Often, exhibitions of ancient Egyptian artefacts divide their galleries into objects of ‘daily life’ and those associated with ‘burial and the afterlife’, despite most of the objects deriving from the excavation of burials, and the majority of these having been used in life.
The Egyptians themselves would probably have been bemused by this division; to them, death was a transition to a different state of being, where life continued.
True death only occurred following the judgement by Osiris, king of the blessed dead, when a person could be sentenced to obliteration.
© Fitzwilliam Museum, Cambridge
To some degree then, preparation for death was a bit like considering what to pack for a move abroad; many of the items used in life would be just as useful in the beyond.

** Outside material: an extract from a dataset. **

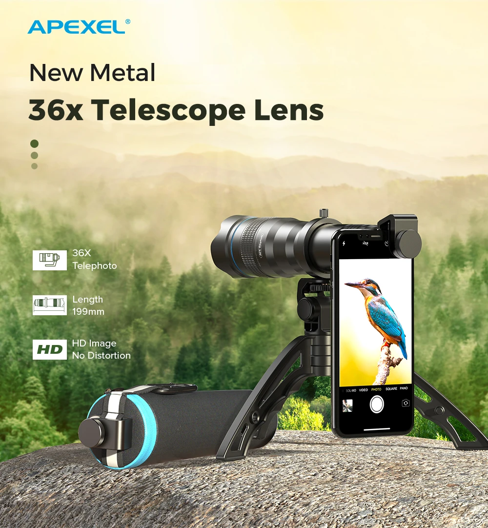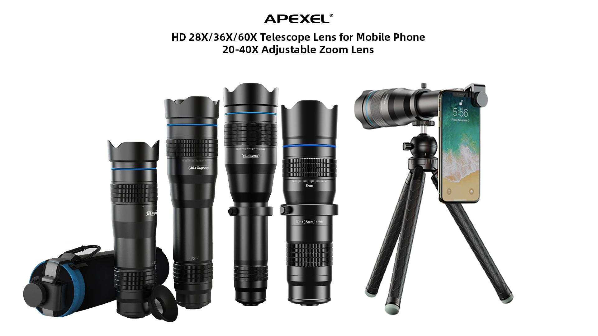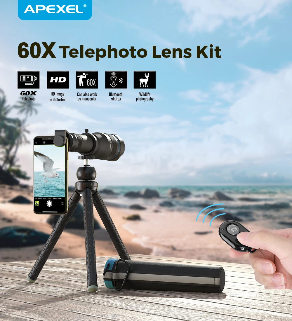 Профессиональный зум-объектив APEXEL HD 20-40X28X36X60x с селфи-штативом и затвором наблюдайте за луной для iPhone 13 HUAWEI

Nevertheless, throughout the Pharaonic Period (3030–332 BC) – the timeframe usually covered by ‘ancient Egypt’ – certain objects specifically associated with death and the rituals necessary for continued survival, such as coffins, had to be specially produced. This is why today, thousands of Egyptian coffins can be found in museums across the world – they are a staple of any collection, and along with mummies, are what museum-goers expect to see. Whether box-like or anthropoid, their wooden surfaces painted with images in striking colours of unusual deities and hieroglyphs, coffins represent ancient Egypt, symbolise it, and in turn, reinforce the popular cliché that the ancient Egyptians were a civilisation obsessed with death – a cliché often countered by Egyptologists, who insist that the Egyptians dedicated so much time to preparing for death because they loved life and feared its end.